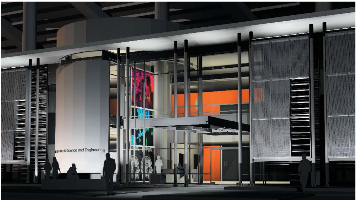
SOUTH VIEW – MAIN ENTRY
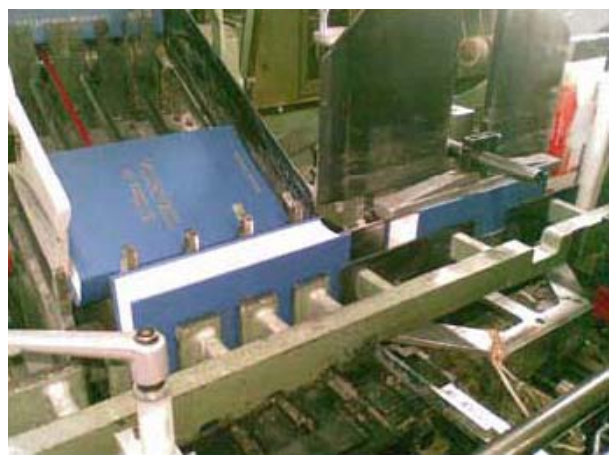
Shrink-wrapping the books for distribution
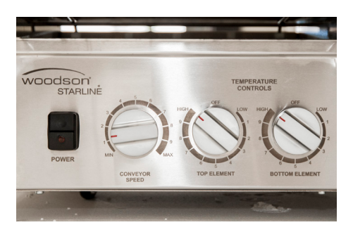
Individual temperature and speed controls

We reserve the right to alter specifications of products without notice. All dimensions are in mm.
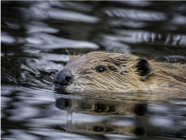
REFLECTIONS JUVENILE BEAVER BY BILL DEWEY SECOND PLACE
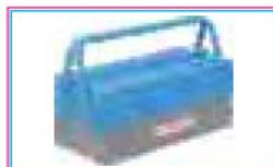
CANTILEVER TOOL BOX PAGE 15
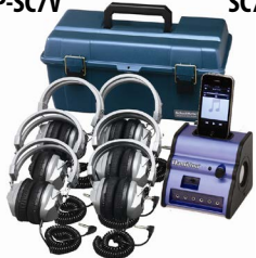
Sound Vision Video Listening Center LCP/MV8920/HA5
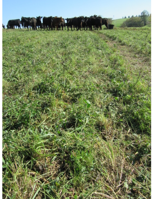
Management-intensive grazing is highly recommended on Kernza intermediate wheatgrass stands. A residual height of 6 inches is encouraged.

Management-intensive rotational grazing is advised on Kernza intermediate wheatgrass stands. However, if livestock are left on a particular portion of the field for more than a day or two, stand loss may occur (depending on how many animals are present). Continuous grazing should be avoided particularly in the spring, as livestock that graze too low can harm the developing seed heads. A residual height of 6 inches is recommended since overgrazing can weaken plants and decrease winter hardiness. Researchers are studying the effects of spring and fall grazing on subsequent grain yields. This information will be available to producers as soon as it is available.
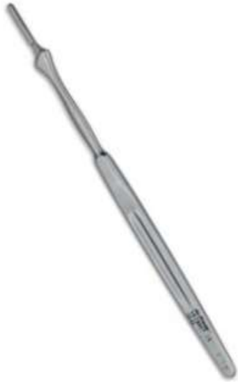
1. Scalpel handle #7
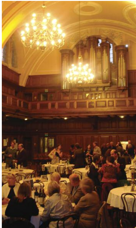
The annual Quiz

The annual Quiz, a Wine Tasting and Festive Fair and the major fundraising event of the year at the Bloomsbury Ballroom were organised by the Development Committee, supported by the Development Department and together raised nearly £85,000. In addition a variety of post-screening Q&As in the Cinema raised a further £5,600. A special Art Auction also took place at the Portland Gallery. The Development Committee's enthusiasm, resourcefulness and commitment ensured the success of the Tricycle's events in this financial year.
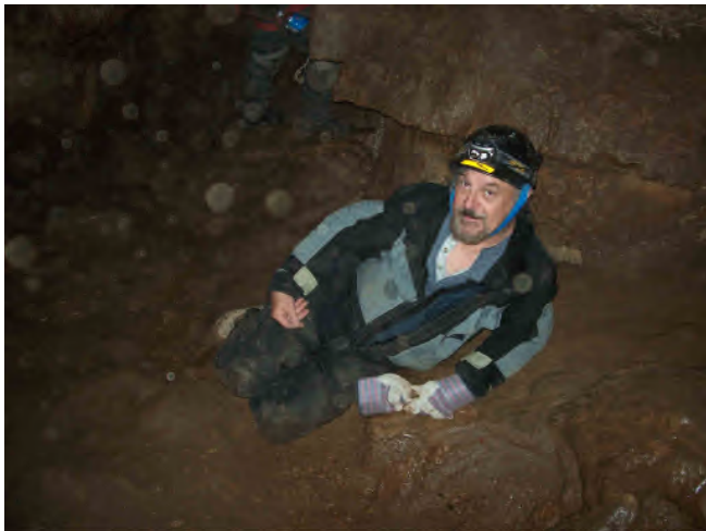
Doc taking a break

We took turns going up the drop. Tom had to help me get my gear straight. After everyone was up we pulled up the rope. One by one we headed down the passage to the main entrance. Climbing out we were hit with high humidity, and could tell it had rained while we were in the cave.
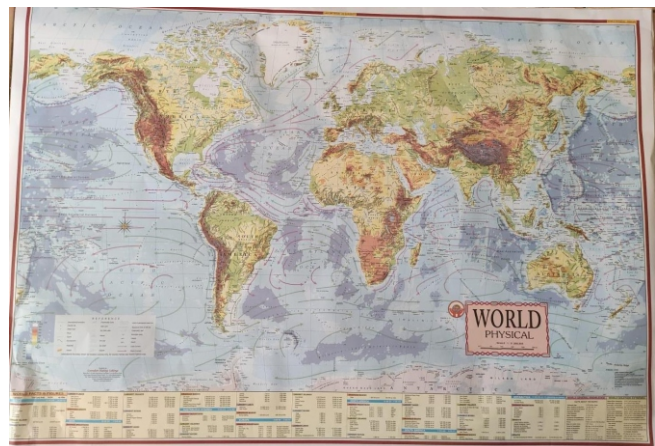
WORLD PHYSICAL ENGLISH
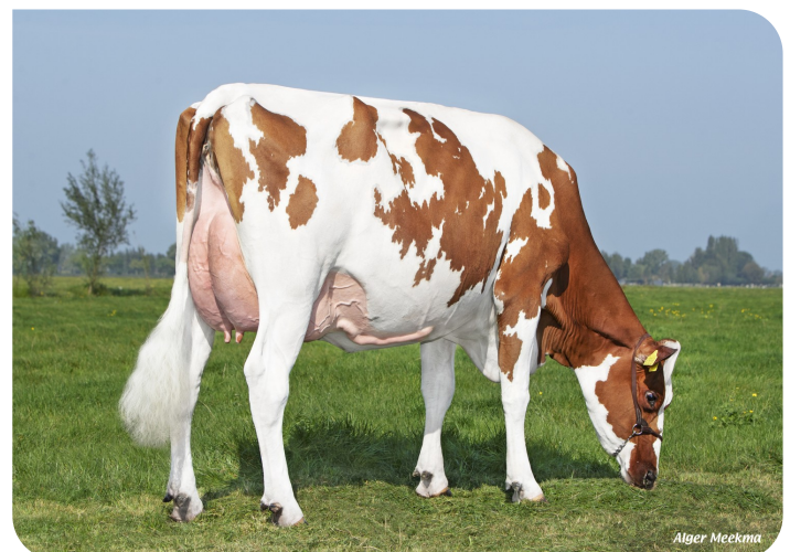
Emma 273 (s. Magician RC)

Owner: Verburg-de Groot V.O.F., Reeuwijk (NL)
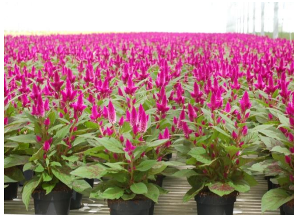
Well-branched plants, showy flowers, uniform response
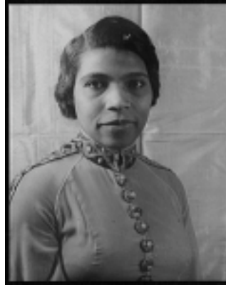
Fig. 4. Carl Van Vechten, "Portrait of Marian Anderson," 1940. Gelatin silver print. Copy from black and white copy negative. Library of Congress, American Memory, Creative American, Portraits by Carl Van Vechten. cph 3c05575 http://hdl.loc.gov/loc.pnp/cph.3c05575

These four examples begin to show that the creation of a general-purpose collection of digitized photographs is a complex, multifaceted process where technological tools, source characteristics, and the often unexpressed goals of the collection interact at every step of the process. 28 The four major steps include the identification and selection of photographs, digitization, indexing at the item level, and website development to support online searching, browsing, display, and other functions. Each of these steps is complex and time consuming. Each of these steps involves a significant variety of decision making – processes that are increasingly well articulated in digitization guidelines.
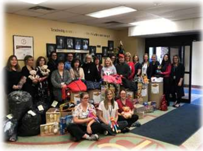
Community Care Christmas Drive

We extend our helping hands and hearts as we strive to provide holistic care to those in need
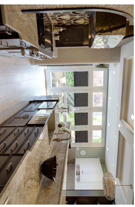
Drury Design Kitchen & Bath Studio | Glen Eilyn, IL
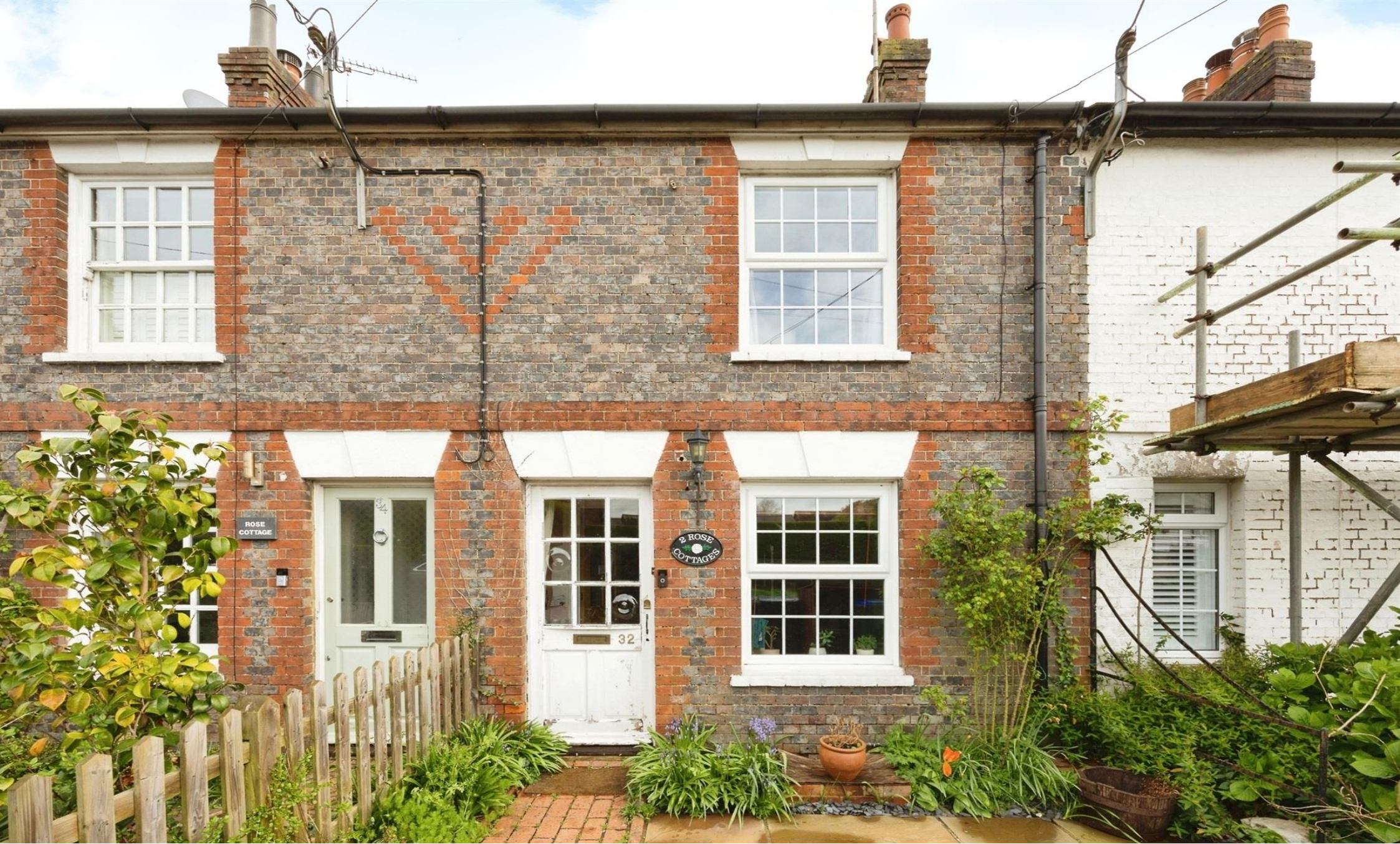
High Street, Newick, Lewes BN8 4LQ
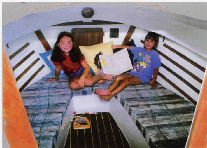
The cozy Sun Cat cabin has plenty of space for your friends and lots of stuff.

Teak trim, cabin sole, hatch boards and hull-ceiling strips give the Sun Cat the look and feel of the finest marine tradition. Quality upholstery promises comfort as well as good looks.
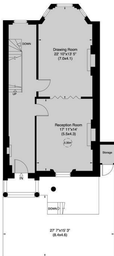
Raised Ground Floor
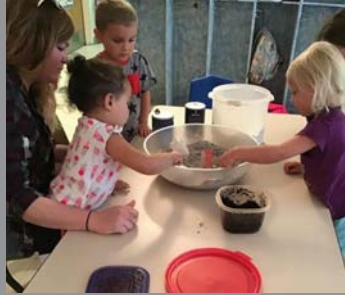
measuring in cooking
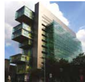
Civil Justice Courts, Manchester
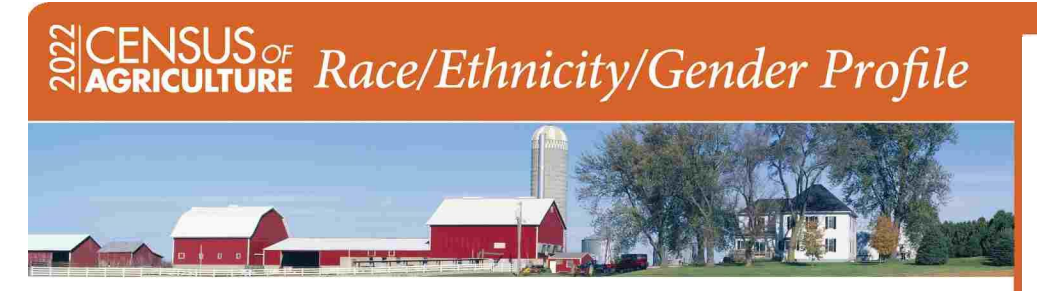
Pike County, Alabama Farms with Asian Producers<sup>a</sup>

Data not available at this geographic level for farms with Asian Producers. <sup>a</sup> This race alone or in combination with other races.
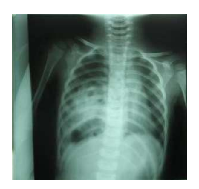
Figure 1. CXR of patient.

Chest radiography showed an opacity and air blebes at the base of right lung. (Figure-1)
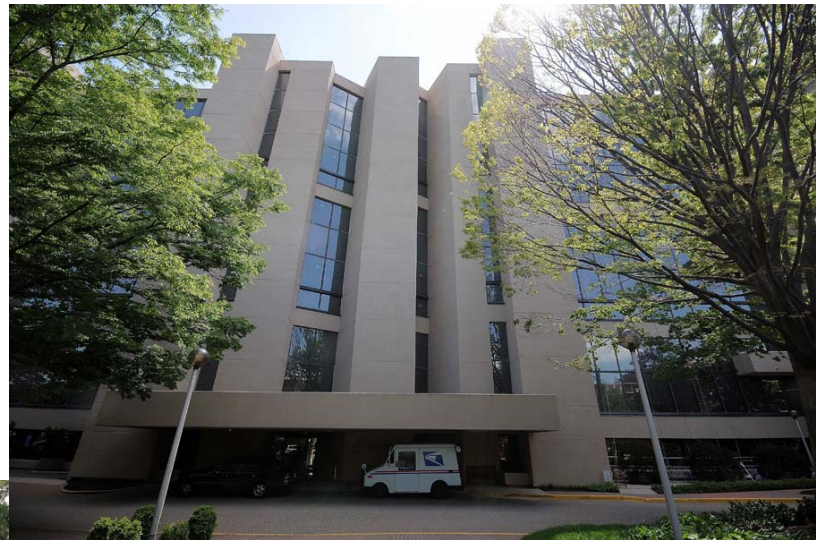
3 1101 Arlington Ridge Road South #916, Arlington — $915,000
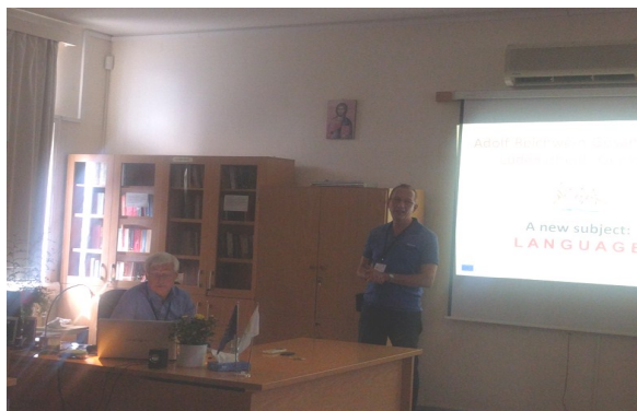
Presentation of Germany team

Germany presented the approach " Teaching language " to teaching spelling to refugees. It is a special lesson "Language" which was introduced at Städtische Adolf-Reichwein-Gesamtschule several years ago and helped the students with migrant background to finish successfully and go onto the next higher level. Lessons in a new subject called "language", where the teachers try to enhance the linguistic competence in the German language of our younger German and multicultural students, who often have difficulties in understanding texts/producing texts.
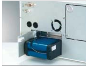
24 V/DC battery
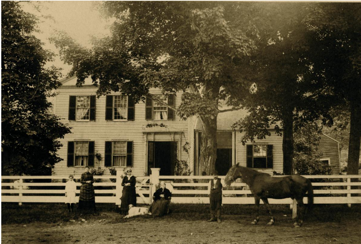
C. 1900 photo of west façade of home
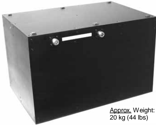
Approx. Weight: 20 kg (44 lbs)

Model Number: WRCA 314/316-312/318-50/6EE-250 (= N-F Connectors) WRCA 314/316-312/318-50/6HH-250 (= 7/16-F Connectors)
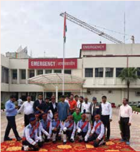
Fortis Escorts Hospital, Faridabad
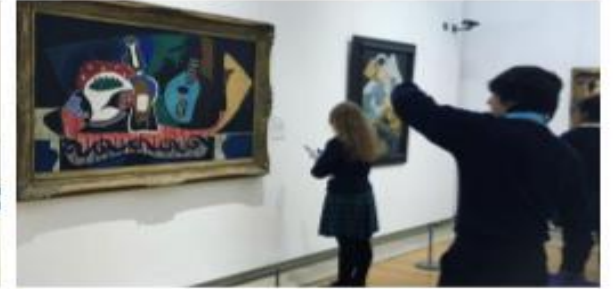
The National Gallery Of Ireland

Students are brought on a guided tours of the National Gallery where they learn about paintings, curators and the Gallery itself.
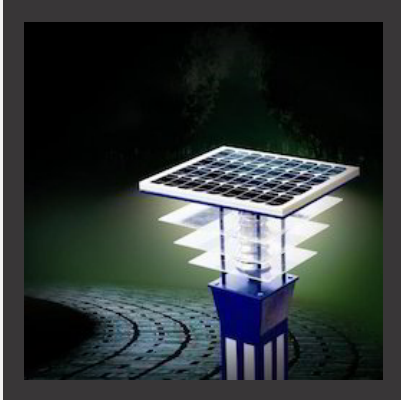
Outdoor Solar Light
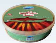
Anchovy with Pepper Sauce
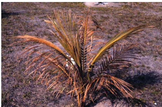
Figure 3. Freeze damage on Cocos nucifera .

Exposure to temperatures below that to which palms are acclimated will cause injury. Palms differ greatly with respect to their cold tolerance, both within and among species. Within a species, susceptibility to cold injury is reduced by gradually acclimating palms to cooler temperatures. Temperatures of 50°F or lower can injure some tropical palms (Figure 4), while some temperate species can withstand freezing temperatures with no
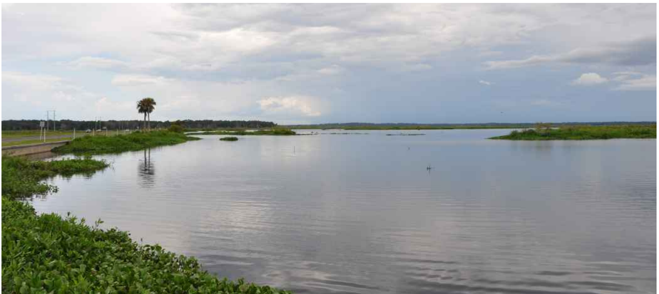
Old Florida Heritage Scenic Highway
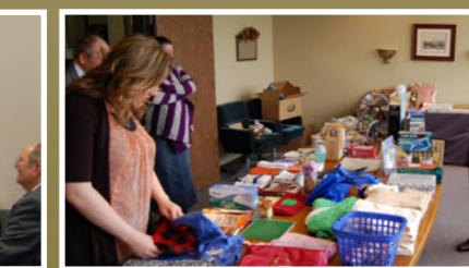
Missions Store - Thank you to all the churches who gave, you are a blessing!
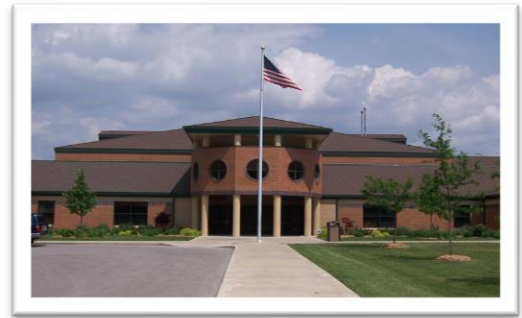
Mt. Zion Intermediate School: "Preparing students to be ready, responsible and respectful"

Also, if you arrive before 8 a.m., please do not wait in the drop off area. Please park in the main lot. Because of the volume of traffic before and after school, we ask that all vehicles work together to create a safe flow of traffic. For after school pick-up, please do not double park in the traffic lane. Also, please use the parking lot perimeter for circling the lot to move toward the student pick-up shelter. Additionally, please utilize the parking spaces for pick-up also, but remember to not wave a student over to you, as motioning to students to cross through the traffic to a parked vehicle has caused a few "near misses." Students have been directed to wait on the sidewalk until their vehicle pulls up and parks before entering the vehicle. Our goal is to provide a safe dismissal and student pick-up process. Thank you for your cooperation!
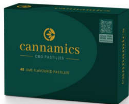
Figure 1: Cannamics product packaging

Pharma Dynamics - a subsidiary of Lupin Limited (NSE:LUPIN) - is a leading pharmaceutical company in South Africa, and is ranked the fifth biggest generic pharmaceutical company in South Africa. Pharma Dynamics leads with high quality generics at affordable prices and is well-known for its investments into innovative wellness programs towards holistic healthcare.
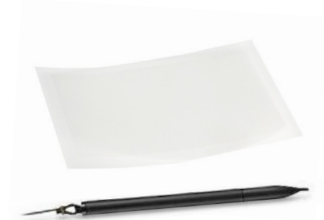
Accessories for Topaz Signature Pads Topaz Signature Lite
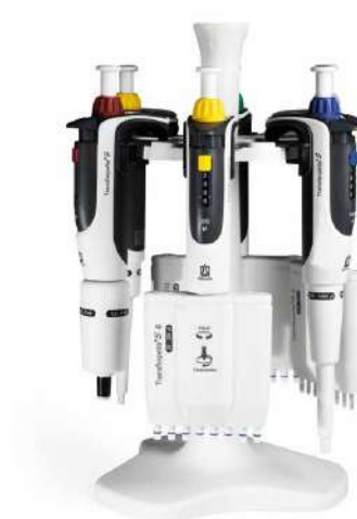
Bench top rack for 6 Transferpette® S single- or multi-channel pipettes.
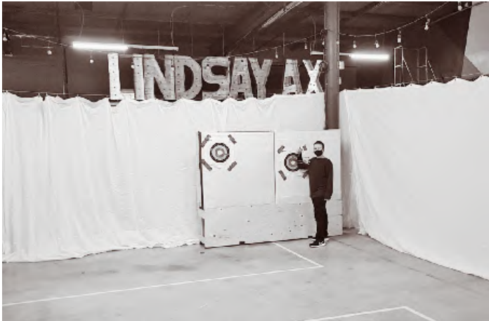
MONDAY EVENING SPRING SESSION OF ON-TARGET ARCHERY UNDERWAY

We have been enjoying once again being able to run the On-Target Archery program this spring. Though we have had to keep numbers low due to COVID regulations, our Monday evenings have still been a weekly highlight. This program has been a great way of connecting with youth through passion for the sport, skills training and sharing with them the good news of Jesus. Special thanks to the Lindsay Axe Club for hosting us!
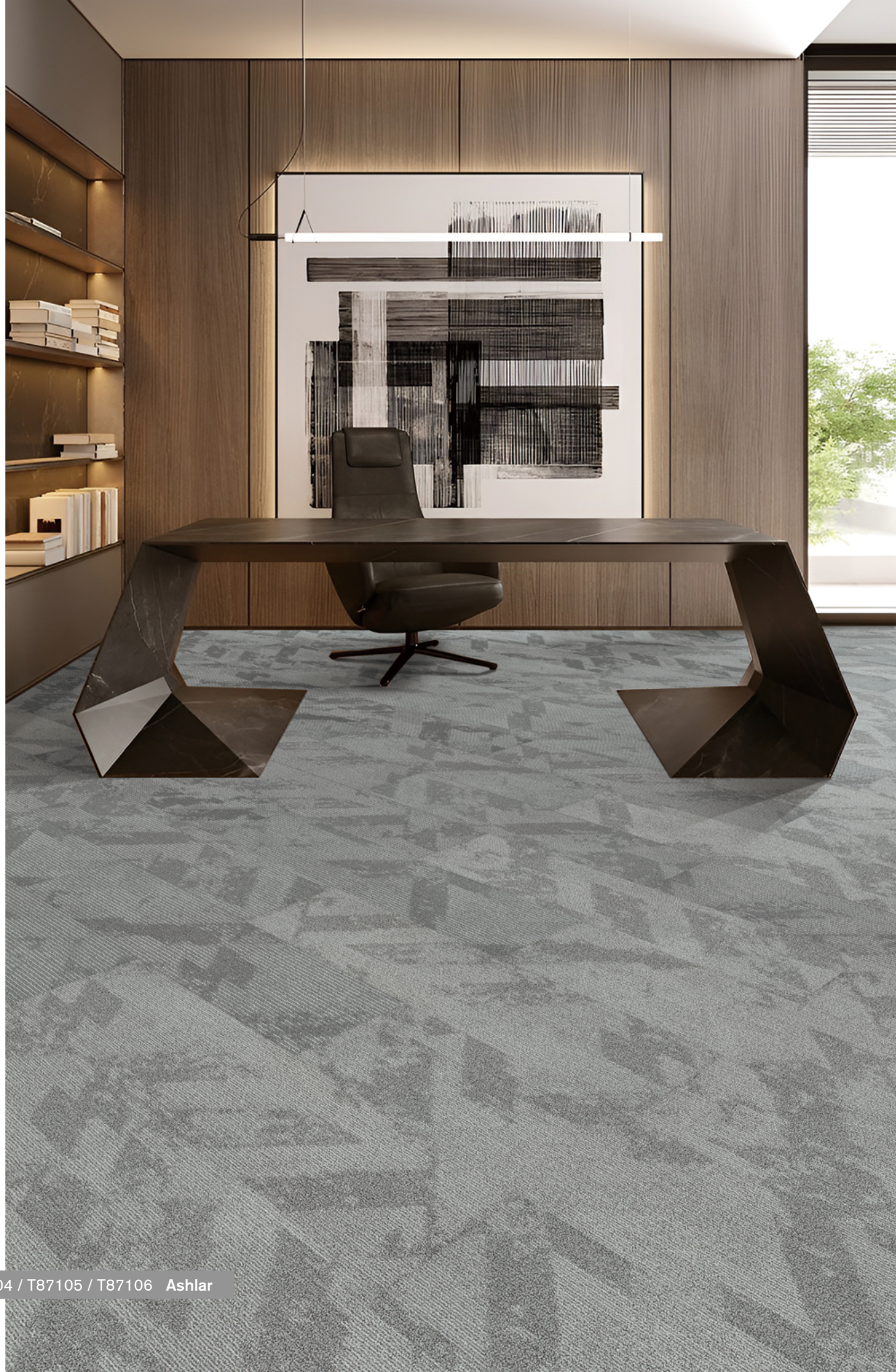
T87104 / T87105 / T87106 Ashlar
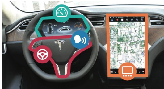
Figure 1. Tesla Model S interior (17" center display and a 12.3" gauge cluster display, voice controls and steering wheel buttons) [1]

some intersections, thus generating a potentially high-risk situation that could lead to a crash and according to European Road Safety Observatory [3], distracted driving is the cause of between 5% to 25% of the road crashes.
·····
▸ **What you should do**: Out of the records above, pick each line that contains the string "wheatgrass".

▸ **Problem solution**:
Management-intensive grazing is highly recommended on Kernza intermediate wheatgrass stands. A residual height of 6 inches is encouraged.
Management-intensive rotational grazing is advised on Kernza intermediate wheatgrass stands. However, if livestock are left on a particular portion of the field for more than a day or two, stand loss may occur (depending on how many animals are present). Continuous grazing should be avoided particularly in the spring, as livestock that graze too low can harm the developing seed heads. A residual height of 6 inches is recommended since overgrazing can weaken plants and decrease winter hardiness. Researchers are studying the effects of spring and fall grazing on subsequent grain yields. This information will be available to producers as soon as it is available.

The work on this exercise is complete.